Ich habe gar nicht bemerkt, dass Blake mit mir redet, bis er mit seiner Hand vor meinem Gesicht rumwedelt. Mit heißen Wangen schaue ich ihm in die Augen. „Wie bitte?"
„Ich habe mich bedankt, dass du auf Ash aufgepasst hast, Avery." Sein kleines Lächeln lässt kurz meinen Verstand aussetzen. Es ist das erste Mal, dass er meinen Namen richtig ausgesprochen hat. Zum Glück komme ich schnell wieder auf den Boden der Tatsache zurück.
„Oh, ach, das ist doch kein Problem. Ich hätte ihn ja schlecht vor dem Haus sitzenlassen können", gebe ich mit einer wegwerfenden Handbewegung zurück, als wäre es keine große Sache. Was es ja auch nicht ist.
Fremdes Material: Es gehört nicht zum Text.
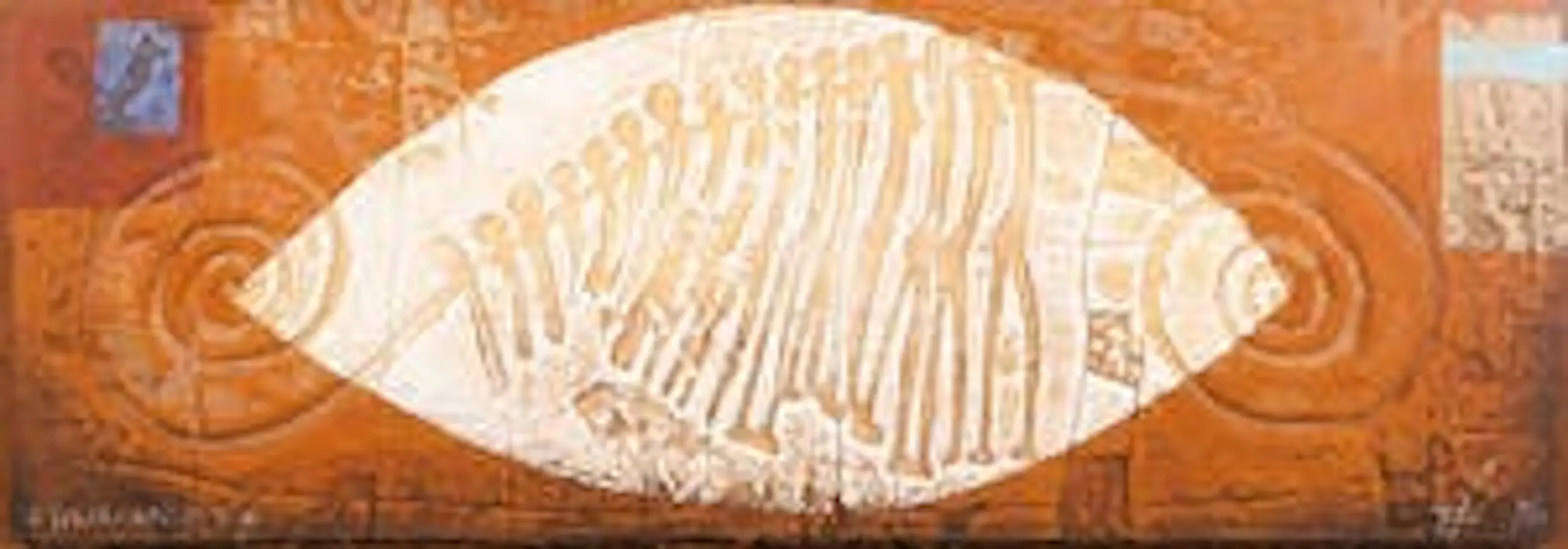 Beautiful wide artwork, with mainly brown (walnut?) in the frame and the work itself. Just moved, so I don't have room for it anymore.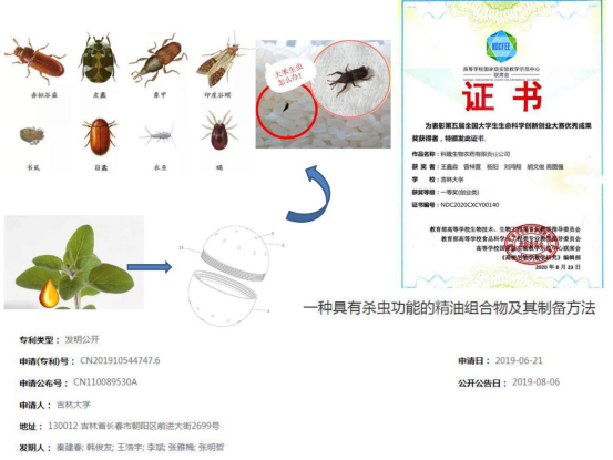 本成果为一种由不同来源的植物精油混合制剂制作方法,缓释装置,其特征在于该制剂由以下的原料构成:大丽菊精油,青蒿精油,花椒精油,紫苏精油,辣根精油,杉树精油等。该植物源熏蒸剂可以有效防治粮库,粮仓及家庭厨柜里粮食中的各种储粮害虫,同时对很多引起粮食发霉变质的真菌具有显著抑制作用。已经设计出用于粮仓的多孔球缓释装置, 让球内吸附在固定相上的精油气体缓慢释放到粮食中, 该生物防治制味道清新、安全,不会污染粮食,达到长期的防效,不同储粮害虫数量降低在80%以上,发霉粮食降低在65%以上。已经申报国家发明专利。

Sowas macht man doch als gute Nachbarin, oder etwa nicht?
„Trotzdem. Sowas ist noch nie passiert, aber unsere Planung war heute irgendwie durcheinander, dann hat Coach Grant noch ziemlich überzogen und ich habe nicht mehr auf die Zeit geachtet. Als Conor mir dann gesagt hat, dass du Brianna wegen Ashton angerufen hast, bin ich so schnell es ging hergefahren."
„Schon okay. Ich habe deine Nummer ja nicht, sonst hätte ich dich selbst angerufen." Oh Gott. Habe ich ihn gerade allen Ernstes indirekt nach seiner Nummer gefragt? Erneut spüre ich Wärme in meine Wangen steigen. Mann, ich muss echt versuchen, meine körperlichen Reaktionen unter Kontrolle zu kriegen.
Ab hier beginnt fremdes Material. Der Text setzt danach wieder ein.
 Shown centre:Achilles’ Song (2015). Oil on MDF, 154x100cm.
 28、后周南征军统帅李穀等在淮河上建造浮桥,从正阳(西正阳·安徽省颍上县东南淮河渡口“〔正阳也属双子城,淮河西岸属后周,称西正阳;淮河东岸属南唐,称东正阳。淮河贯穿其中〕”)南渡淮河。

Ich rechne schon mit einem blöden Spruch, doch Blake lächelt nur. „Na, das lässt sich doch schnell ändern. Gib mir dein Handy und ich speichere meine Nummer ein."
Geistesgegenwärtig hole ich es aus meiner Tasche, entsperre es und gebe es ihm. Er tippt seine Nummer ein und gibt es mir wieder zurück.
„Falls es nochmal passieren sollte, was ich nicht hoffe, kannst du mich direkt anrufen."
„Ja, mache ich." Um weitere Peinlichkeiten zu vermeiden, wechsel ich das Thema. „Aber wir haben unsere Zeit gut genug. Ashton hat schon seine Hausaufgaben gemacht."
„Mathe?", fragt Blake.
„Und Englisch, ja. Ich habe ihm ein bisschen geholfen, aber ich denke, er hat es verstanden."
Kurze Verblüffung huscht über sein Gesicht. Doch genauso schnell wie diese kam, ist sie auch wieder verschwunden.
„Toll. Danke." Zum gefühlten hundertsten Mal bedankt er wieder sich bei mir
So viel wie heute haben wir noch nie miteinander geredet und das ist mir irgendwie unangenehm.
Da Ashton mittlerweile sein Sandwich aufgegessen hat, nimmt er seinen Rucksack und geht mit Blake zur Tür.
„Tschüss, Avery", ruft Ashton mir zu. Bevor die beiden hinausgehen, dreht Blake sich noch einmal um und schmeißt mir ein letztes Lächeln voller Dankbarkeit zu.